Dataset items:
++++++++++++++++++++

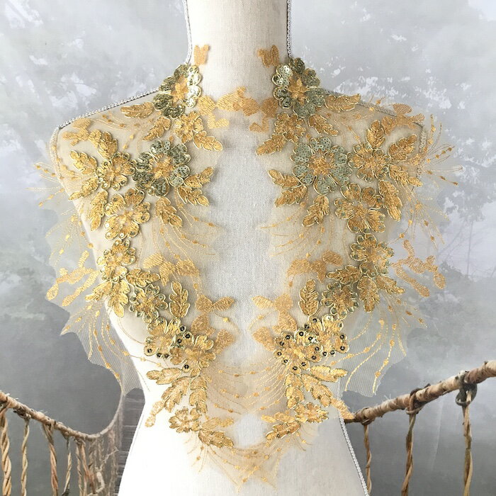 ゴールドのスパンコール付きチュールモチーフになります。 各種イベント、社交ダンス、ドレス、ステージ衣装、 舞台衣装、新体操、バトントワリング、レオタード、 演劇、ミュージカル、ベリーダンス、フィギュアスケート、 バレエ衣装、ウェディング、パーティーなど、 用途に合わせて楽しめるお洒落なアイテムです。 サイズ:H40cm W24cm カラー:ゴールド 左右セット
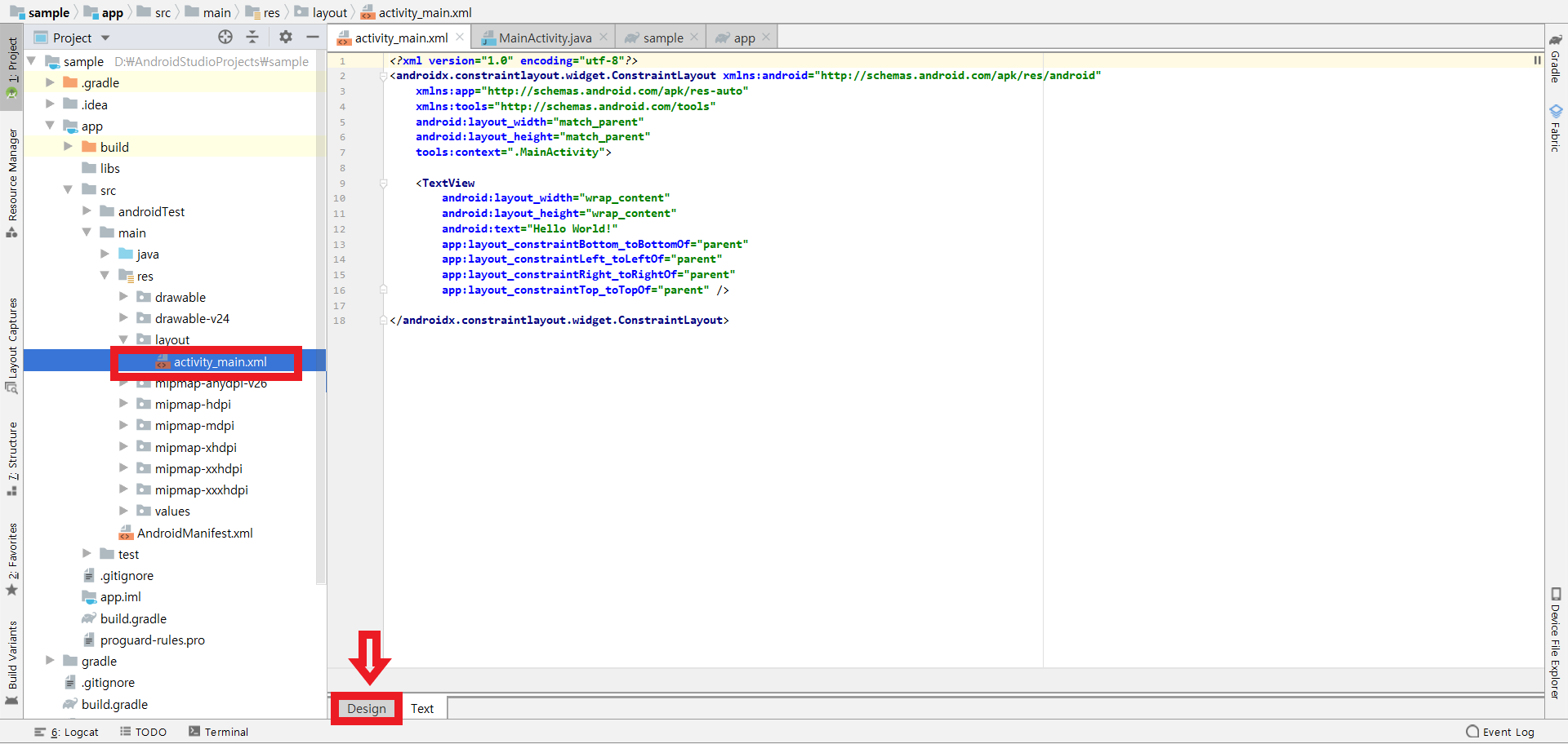 그리고, Design탭옆에 있는 Text탭을 선택해주면, xml파일의 소스코드가 보이게 되는데, 방금 변경한 부분들이 적용된 것을 알 수 있습니다.
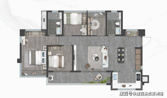 御雲:建面约80㎡三室两厅1.9卫,创新型1.9卫设计,臻享从容生活
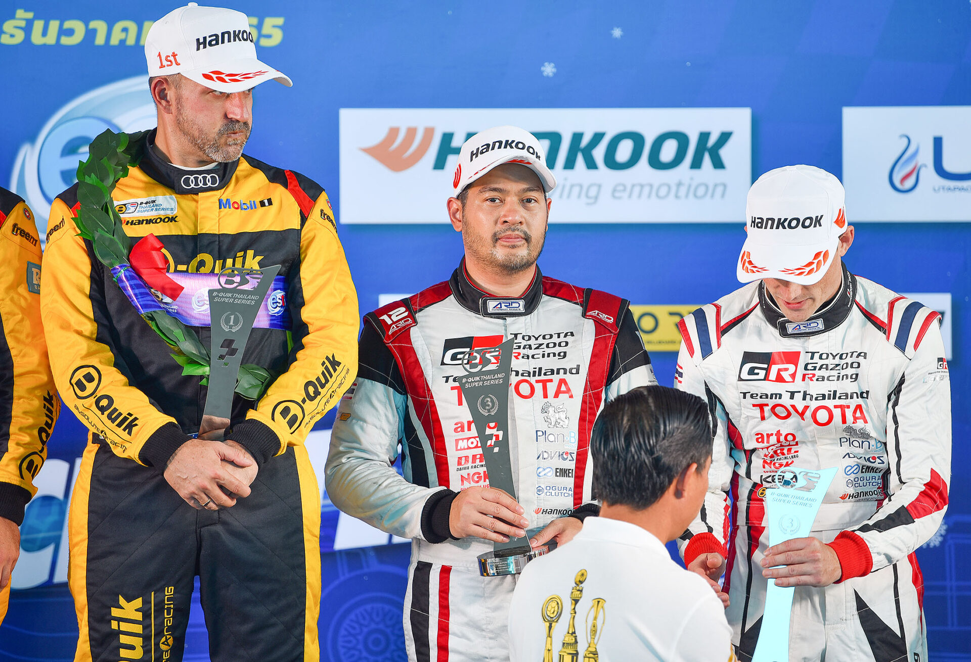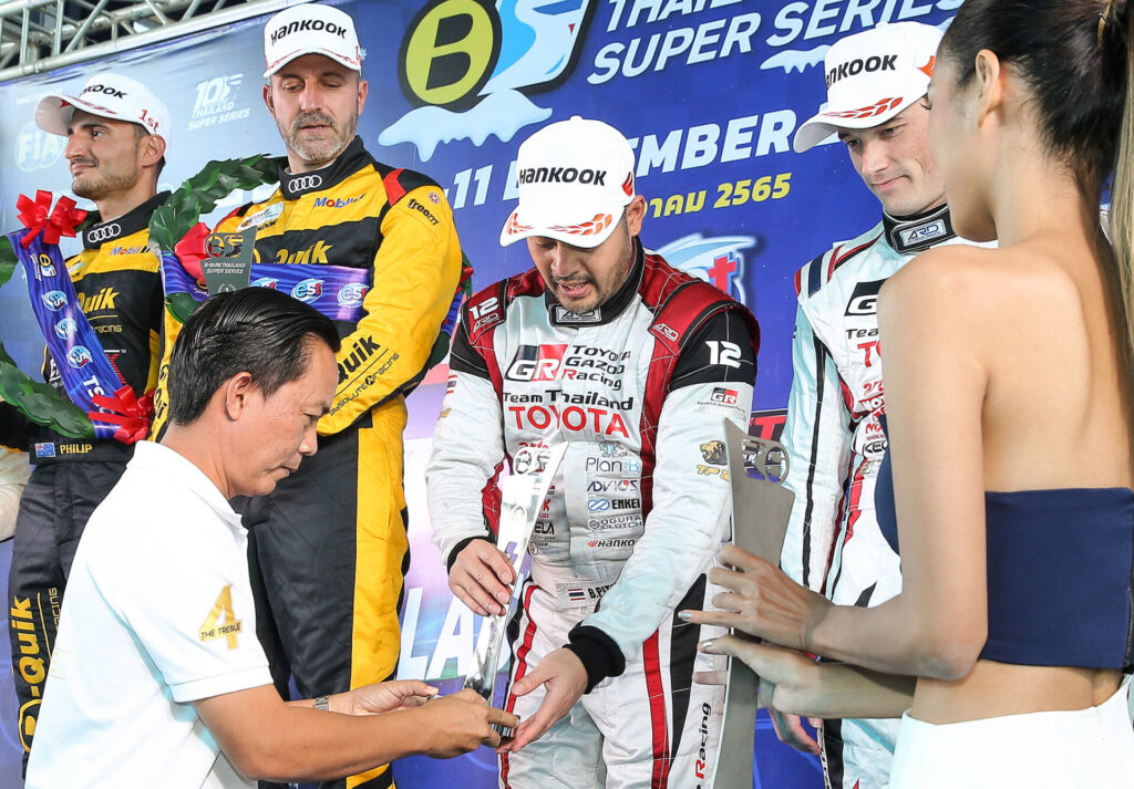 บุรีรัมย์ 11 ธ.ค.65-รถยนต์ทางเรียบระดับนานาชาติ ไทยแลนด์ ซูเปอร์ซีรีส์ สองเรซสุดท้ายของฤดูกาล ในสนามที่เจ็ดและสนามที่แปด ที่ ช้าง อินเตอร์เนชั่นแนล เซอร์กิต จังหวัดบุรีรัมย์ รุ่นไทยแลนด์ ซูเปอร์คาร์ จีที 3 แข่งขันกัน 60 นาทีกับอีก 1 รอบ ด้วยรถในพิกัด เอฟไอเอ จีที3 จากโรงงานผู้ผลิตเต็มรูปแบบ “ต๊อด” ปิติ ภิรมย์ภักดี นักขับชาวไทยและ รีด ฮาร์เกอร์ เพื่อนร่วมทีมจากนิวซีแลนด์ จากทีมโตโยต้า กาซู เรซซิ่ง ทีม ไทยแลนด์ หมายเลข 12 ควบรถเลกซัสอาร์ซีเอฟ จีที 3 เข้าเส้นชัยอันดับสามโอเวอร์ออลด้วยเวลา 1 ชั่วโมง 2 นาที 35.680 วินาที และเป็นอันดับสองของรุ่นโปรแอมอีกด้วย
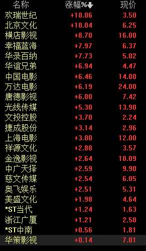 2月18日,春節(jié)過后A股首日開盤,影視板塊大漲,截至發(fā)稿,歡瑞世紀(000892)、北京文化(000802)漲停,橫店影視(603103)漲近9%,幸福藍海(300528)、華錄百納(300291)漲超7%,華誼兄弟(300027)、中國電影(600977)、萬達電影(002739)、唐德影視(300426)漲超6%,光線傳媒(300251)、文投控股(600715)等跟漲。
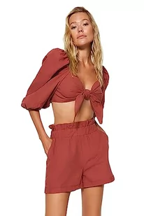 Trendyol Damska koszula dwuczęściowa, jednokolorowa, tkana, Cynamon, 36
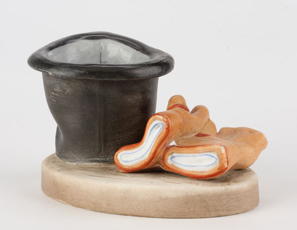 A RUSSIAN HAND PAINTED BISQUE PORCELAIN FIGURAL MATCH HOLDER, GARDNER, CIRCA 1890. Underside of base with impressed and stamped Gardner mark under the Imperial warrant. Length 5 inches (12.5 cm).
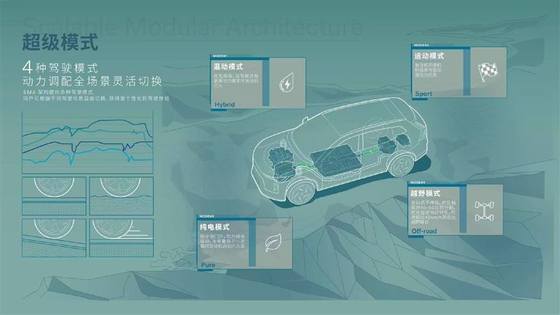 具体来看:日常城市通勤可开启纯电模式,纯电驱动以规避燃油消耗;高速行驶时切换直驱模式,发动机直驱前轮使车辆保持理想转速区间,兼顾动力输出与低油耗;爬坡或急加速场景下,开启“全功率模式”,三电机协同工作以保障动力性能。
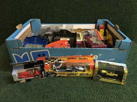 A box of assorted boxed die cast vehicles - Matchbox Formula 1 car transporter, Corgi Royal Mail delivery van, racing cars, classic cars etc
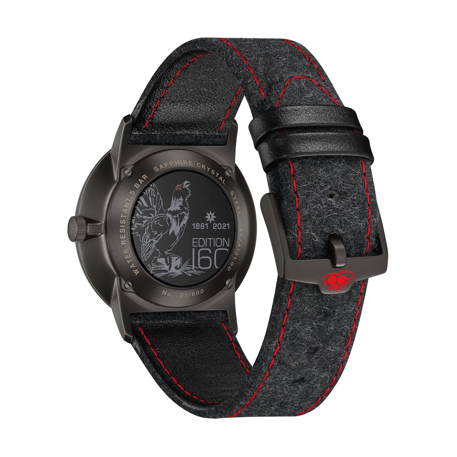 To celebrate Junghans’ 160th anniversary, the German watch manufacturer has launched the Form A Edition 160 Limited Edition Mens Watch 27/4131.00. Junghans’ passion for German industrial design is characterised through the sleek, futuristic aesthetic of this limited edition watch. Generated by a self-winding movement J800.2 with a power reserve of up to 38 hours, it is expertly crafted from stainless steel with matte black PVD coating. With a black dial measuring 39.3mm protected by flat sapphire crystal glass with anti-reflection coating, this contemporary men’s watch is complete with wool and leather strap and pin buckle fastening.
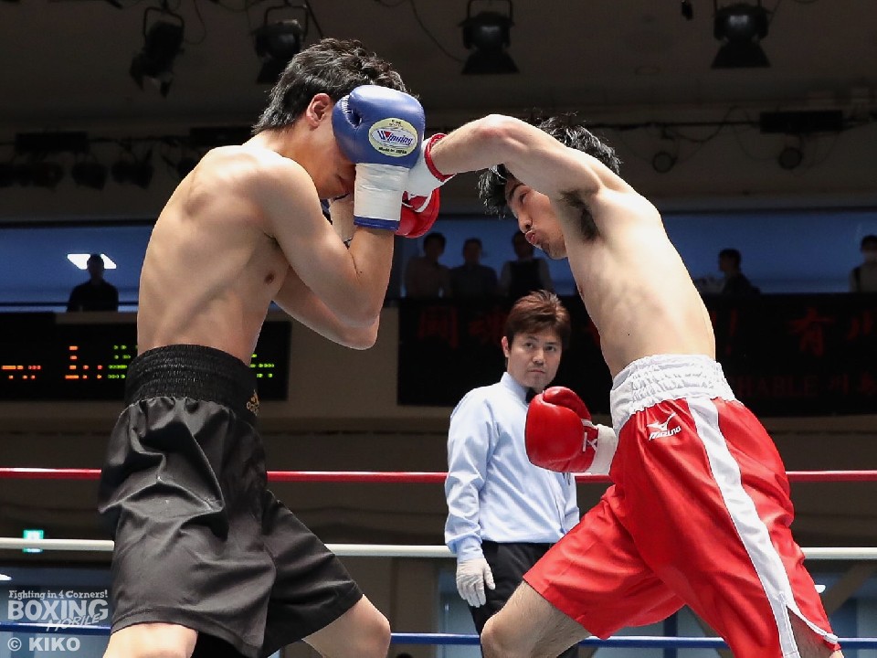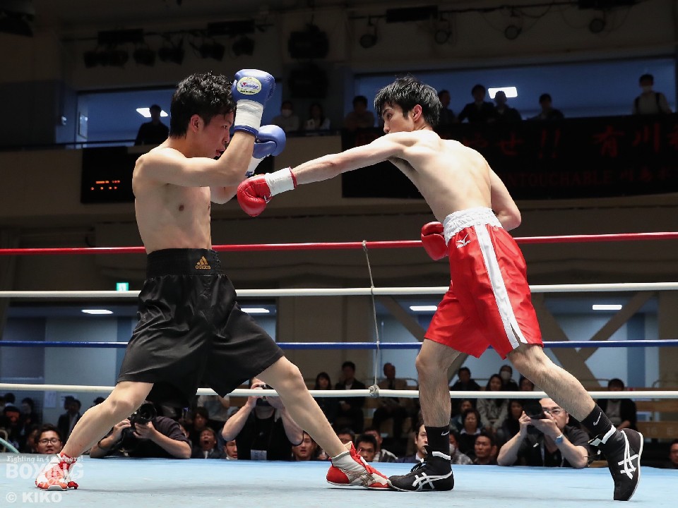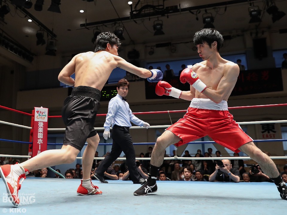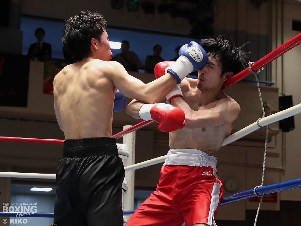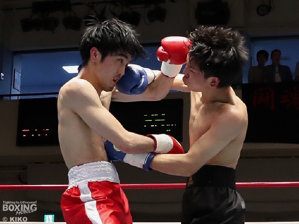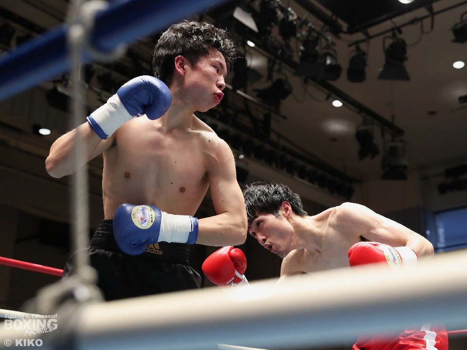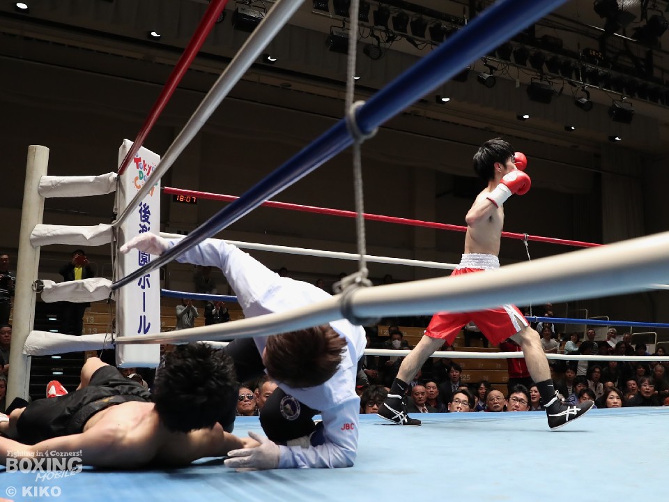 :デビュー同士の一戦は、サウスポーの長島が先手で仕掛け、幸先よくジャブ、ワンツーをヒット。すると1分過ぎにワンツー、スリーまで決め、立て続けに2度のダウンを奪った。中島は立て直そうと左右を振りまわしこの回を凌いだが、2回も左で切り込まれると被弾が目立ち、コーナーに詰められたところで左を浴び、ストップと同時に崩れ落ちた。

++++++++++++++++++++

Each line above is to be copied verbatim. Drop any image from the copy.

 ゴールドのスパンコール付きチュールモチーフになります。 各種イベント、社交ダンス、ドレス、ステージ衣装、 舞台衣装、新体操、バトントワリング、レオタード、 演劇、ミュージカル、ベリーダンス、フィギュアスケート、 バレエ衣装、ウェディング、パーティーなど、 用途に合わせて楽しめるお洒落なアイテムです。 サイズ:H40cm W24cm カラー:ゴールド 左右セット
 그리고, Design탭옆에 있는 Text탭을 선택해주면, xml파일의 소스코드가 보이게 되는데, 방금 변경한 부분들이 적용된 것을 알 수 있습니다.
 御雲:建面约80㎡三室两厅1.9卫,创新型1.9卫设计,臻享从容生活
 บุรีรัมย์ 11 ธ.ค.65-รถยนต์ทางเรียบระดับนานาชาติ ไทยแลนด์ ซูเปอร์ซีรีส์ สองเรซสุดท้ายของฤดูกาล ในสนามที่เจ็ดและสนามที่แปด ที่ ช้าง อินเตอร์เนชั่นแนล เซอร์กิต จังหวัดบุรีรัมย์ รุ่นไทยแลนด์ ซูเปอร์คาร์ จีที 3 แข่งขันกัน 60 นาทีกับอีก 1 รอบ ด้วยรถในพิกัด เอฟไอเอ จีที3 จากโรงงานผู้ผลิตเต็มรูปแบบ “ต๊อด” ปิติ ภิรมย์ภักดี นักขับชาวไทยและ รีด ฮาร์เกอร์ เพื่อนร่วมทีมจากนิวซีแลนด์ จากทีมโตโยต้า กาซู เรซซิ่ง ทีม ไทยแลนด์ หมายเลข 12 ควบรถเลกซัสอาร์ซีเอฟ จีที 3 เข้าเส้นชัยอันดับสามโอเวอร์ออลด้วยเวลา 1 ชั่วโมง 2 นาที 35.680 วินาที และเป็นอันดับสองของรุ่นโปรแอมอีกด้วย
 2月18日,春節(jié)過后A股首日開盤,影視板塊大漲,截至發(fā)稿,歡瑞世紀(000892)、北京文化(000802)漲停,橫店影視(603103)漲近9%,幸福藍海(300528)、華錄百納(300291)漲超7%,華誼兄弟(300027)、中國電影(600977)、萬達電影(002739)、唐德影視(300426)漲超6%,光線傳媒(300251)、文投控股(600715)等跟漲。
 Trendyol Damska koszula dwuczęściowa, jednokolorowa, tkana, Cynamon, 36
 A RUSSIAN HAND PAINTED BISQUE PORCELAIN FIGURAL MATCH HOLDER, GARDNER, CIRCA 1890. Underside of base with impressed and stamped Gardner mark under the Imperial warrant. Length 5 inches (12.5 cm).
 具体来看:日常城市通勤可开启纯电模式,纯电驱动以规避燃油消耗;高速行驶时切换直驱模式,发动机直驱前轮使车辆保持理想转速区间,兼顾动力输出与低油耗;爬坡或急加速场景下,开启“全功率模式”,三电机协同工作以保障动力性能。
 A box of assorted boxed die cast vehicles - Matchbox Formula 1 car transporter, Corgi Royal Mail delivery van, racing cars, classic cars etc
 To celebrate Junghans’ 160th anniversary, the German watch manufacturer has launched the Form A Edition 160 Limited Edition Mens Watch 27/4131.00. Junghans’ passion for German industrial design is characterised through the sleek, futuristic aesthetic of this limited edition watch. Generated by a self-winding movement J800.2 with a power reserve of up to 38 hours, it is expertly crafted from stainless steel with matte black PVD coating. With a black dial measuring 39.3mm protected by flat sapphire crystal glass with anti-reflection coating, this contemporary men’s watch is complete with wool and leather strap and pin buckle fastening.
 :デビュー同士の一戦は、サウスポーの長島が先手で仕掛け、幸先よくジャブ、ワンツーをヒット。すると1分過ぎにワンツー、スリーまで決め、立て続けに2度のダウンを奪った。中島は立て直そうと左右を振りまわしこの回を凌いだが、2回も左で切り込まれると被弾が目立ち、コーナーに詰められたところで左を浴び、ストップと同時に崩れ落ちた。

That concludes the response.